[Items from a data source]
== Segment start ==
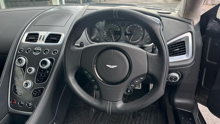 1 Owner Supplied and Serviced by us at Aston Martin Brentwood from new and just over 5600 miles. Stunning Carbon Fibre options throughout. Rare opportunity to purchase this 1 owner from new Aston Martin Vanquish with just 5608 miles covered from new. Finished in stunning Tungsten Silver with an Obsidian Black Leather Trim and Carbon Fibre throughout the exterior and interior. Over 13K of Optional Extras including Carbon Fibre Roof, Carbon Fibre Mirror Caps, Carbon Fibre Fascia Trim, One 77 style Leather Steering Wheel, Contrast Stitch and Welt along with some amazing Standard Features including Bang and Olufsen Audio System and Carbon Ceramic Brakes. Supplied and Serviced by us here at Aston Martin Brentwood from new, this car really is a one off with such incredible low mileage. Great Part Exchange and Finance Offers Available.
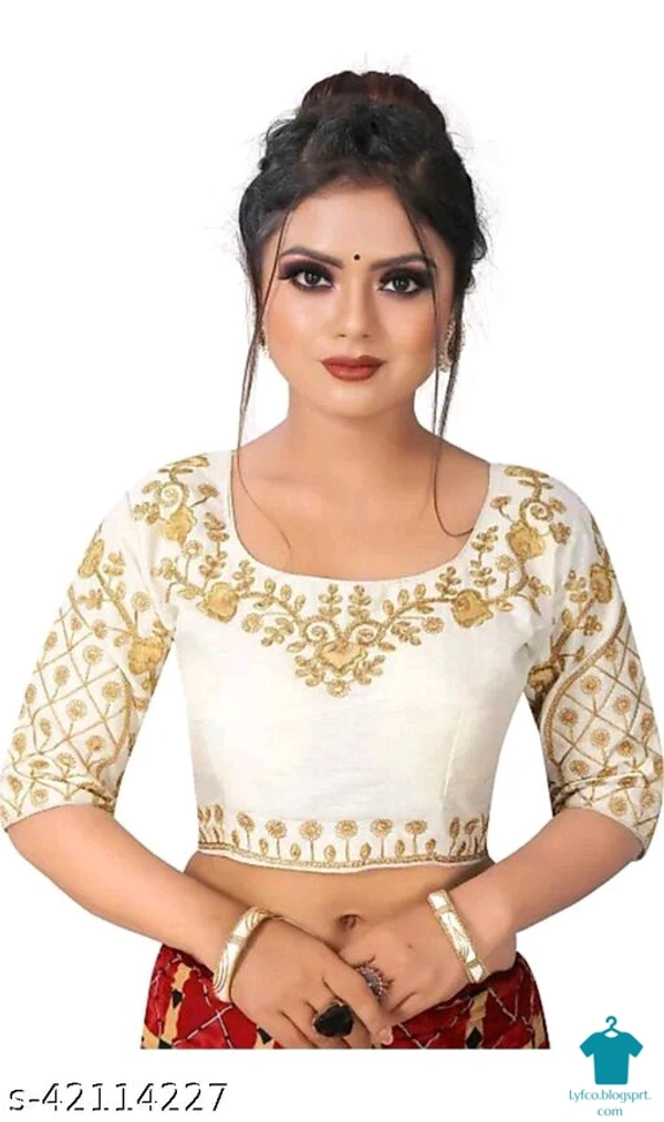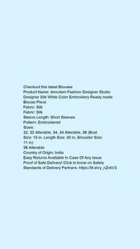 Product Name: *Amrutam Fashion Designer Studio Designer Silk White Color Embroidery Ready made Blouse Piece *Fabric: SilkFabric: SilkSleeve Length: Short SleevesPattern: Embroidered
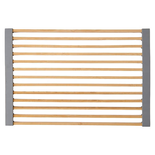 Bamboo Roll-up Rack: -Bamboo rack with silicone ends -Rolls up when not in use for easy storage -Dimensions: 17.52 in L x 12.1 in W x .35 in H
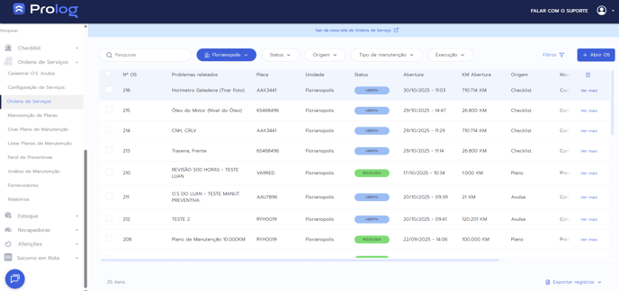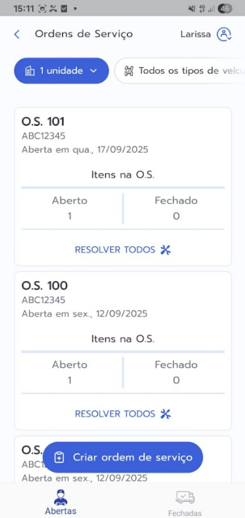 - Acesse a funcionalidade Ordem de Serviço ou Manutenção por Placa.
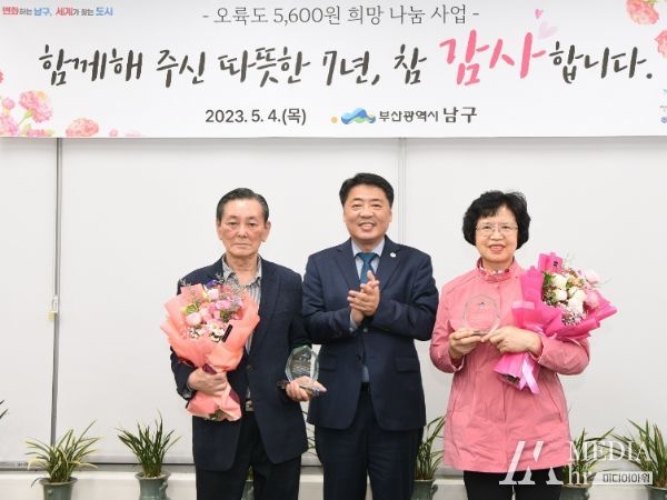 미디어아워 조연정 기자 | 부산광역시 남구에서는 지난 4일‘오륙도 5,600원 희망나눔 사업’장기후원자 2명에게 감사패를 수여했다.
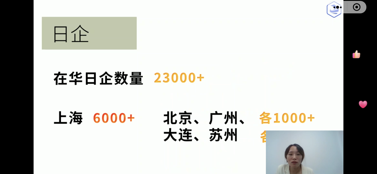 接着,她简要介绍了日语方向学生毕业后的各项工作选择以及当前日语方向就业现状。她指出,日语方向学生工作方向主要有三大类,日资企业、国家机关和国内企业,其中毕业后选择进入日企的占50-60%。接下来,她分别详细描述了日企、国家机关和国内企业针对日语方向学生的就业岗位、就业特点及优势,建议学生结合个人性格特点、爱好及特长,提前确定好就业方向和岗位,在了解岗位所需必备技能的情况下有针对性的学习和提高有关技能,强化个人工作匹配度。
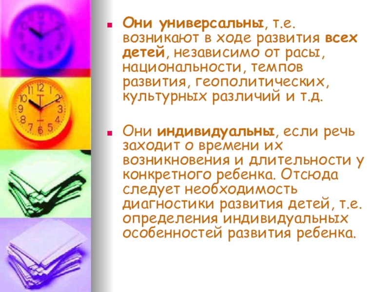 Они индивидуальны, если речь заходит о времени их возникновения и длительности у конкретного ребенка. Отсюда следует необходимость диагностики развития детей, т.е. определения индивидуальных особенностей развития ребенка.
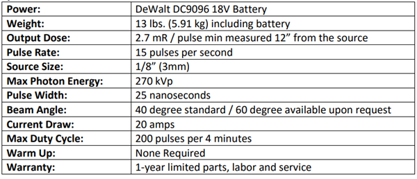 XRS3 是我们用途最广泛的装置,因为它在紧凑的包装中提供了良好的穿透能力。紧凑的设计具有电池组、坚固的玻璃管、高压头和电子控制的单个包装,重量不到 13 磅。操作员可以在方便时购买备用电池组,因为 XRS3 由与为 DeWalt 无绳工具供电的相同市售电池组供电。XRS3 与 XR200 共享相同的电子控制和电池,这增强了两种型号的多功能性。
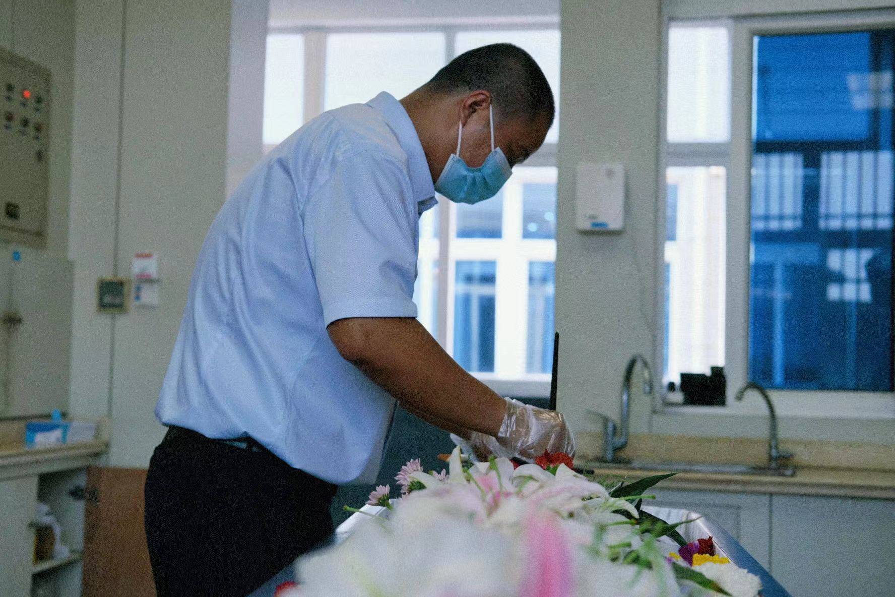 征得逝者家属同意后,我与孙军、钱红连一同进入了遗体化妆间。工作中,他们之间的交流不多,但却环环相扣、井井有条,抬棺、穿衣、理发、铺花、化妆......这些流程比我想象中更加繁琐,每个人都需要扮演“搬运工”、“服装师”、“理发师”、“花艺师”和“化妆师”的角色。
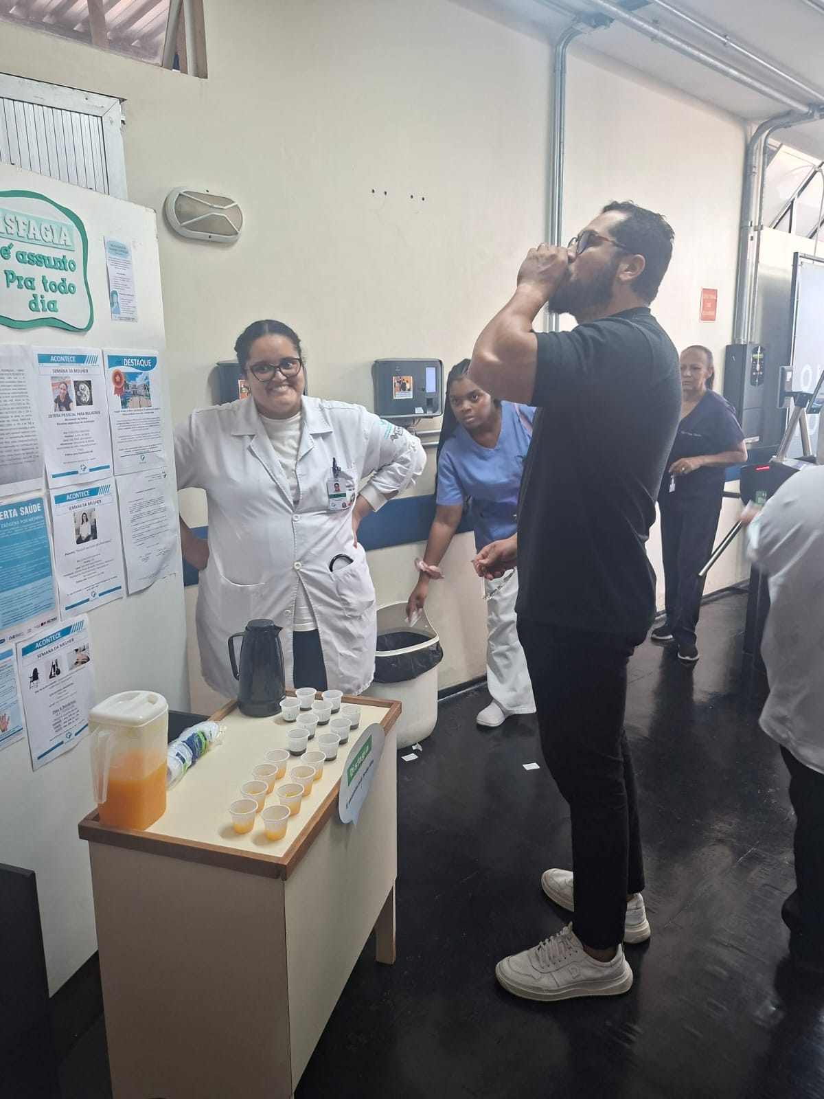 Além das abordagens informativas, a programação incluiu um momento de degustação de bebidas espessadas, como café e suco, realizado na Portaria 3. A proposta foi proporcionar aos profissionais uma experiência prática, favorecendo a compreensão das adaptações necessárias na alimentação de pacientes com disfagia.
== Segment end ==
Please give the data again unaltered, leaving out any images.

 1 Owner Supplied and Serviced by us at Aston Martin Brentwood from new and just over 5600 miles. Stunning Carbon Fibre options throughout. Rare opportunity to purchase this 1 owner from new Aston Martin Vanquish with just 5608 miles covered from new. Finished in stunning Tungsten Silver with an Obsidian Black Leather Trim and Carbon Fibre throughout the exterior and interior. Over 13K of Optional Extras including Carbon Fibre Roof, Carbon Fibre Mirror Caps, Carbon Fibre Fascia Trim, One 77 style Leather Steering Wheel, Contrast Stitch and Welt along with some amazing Standard Features including Bang and Olufsen Audio System and Carbon Ceramic Brakes. Supplied and Serviced by us here at Aston Martin Brentwood from new, this car really is a one off with such incredible low mileage. Great Part Exchange and Finance Offers Available.
 Product Name: *Amrutam Fashion Designer Studio Designer Silk White Color Embroidery Ready made Blouse Piece *Fabric: SilkFabric: SilkSleeve Length: Short SleevesPattern: Embroidered
 Bamboo Roll-up Rack: -Bamboo rack with silicone ends -Rolls up when not in use for easy storage -Dimensions: 17.52 in L x 12.1 in W x .35 in H
 - Acesse a funcionalidade Ordem de Serviço ou Manutenção por Placa.
 미디어아워 조연정 기자 | 부산광역시 남구에서는 지난 4일‘오륙도 5,600원 희망나눔 사업’장기후원자 2명에게 감사패를 수여했다.
 接着,她简要介绍了日语方向学生毕业后的各项工作选择以及当前日语方向就业现状。她指出,日语方向学生工作方向主要有三大类,日资企业、国家机关和国内企业,其中毕业后选择进入日企的占50-60%。接下来,她分别详细描述了日企、国家机关和国内企业针对日语方向学生的就业岗位、就业特点及优势,建议学生结合个人性格特点、爱好及特长,提前确定好就业方向和岗位,在了解岗位所需必备技能的情况下有针对性的学习和提高有关技能,强化个人工作匹配度。
 Они индивидуальны, если речь заходит о времени их возникновения и длительности у конкретного ребенка. Отсюда следует необходимость диагностики развития детей, т.е. определения индивидуальных особенностей развития ребенка.
 XRS3 是我们用途最广泛的装置,因为它在紧凑的包装中提供了良好的穿透能力。紧凑的设计具有电池组、坚固的玻璃管、高压头和电子控制的单个包装,重量不到 13 磅。操作员可以在方便时购买备用电池组,因为 XRS3 由与为 DeWalt 无绳工具供电的相同市售电池组供电。XRS3 与 XR200 共享相同的电子控制和电池,这增强了两种型号的多功能性。
 征得逝者家属同意后,我与孙军、钱红连一同进入了遗体化妆间。工作中,他们之间的交流不多,但却环环相扣、井井有条,抬棺、穿衣、理发、铺花、化妆......这些流程比我想象中更加繁琐,每个人都需要扮演“搬运工”、“服装师”、“理发师”、“花艺师”和“化妆师”的角色。
 Além das abordagens informativas, a programação incluiu um momento de degustação de bebidas espessadas, como café e suco, realizado na Portaria 3. A proposta foi proporcionar aos profissionais uma experiência prática, favorecendo a compreensão das adaptações necessárias na alimentação de pacientes com disfagia.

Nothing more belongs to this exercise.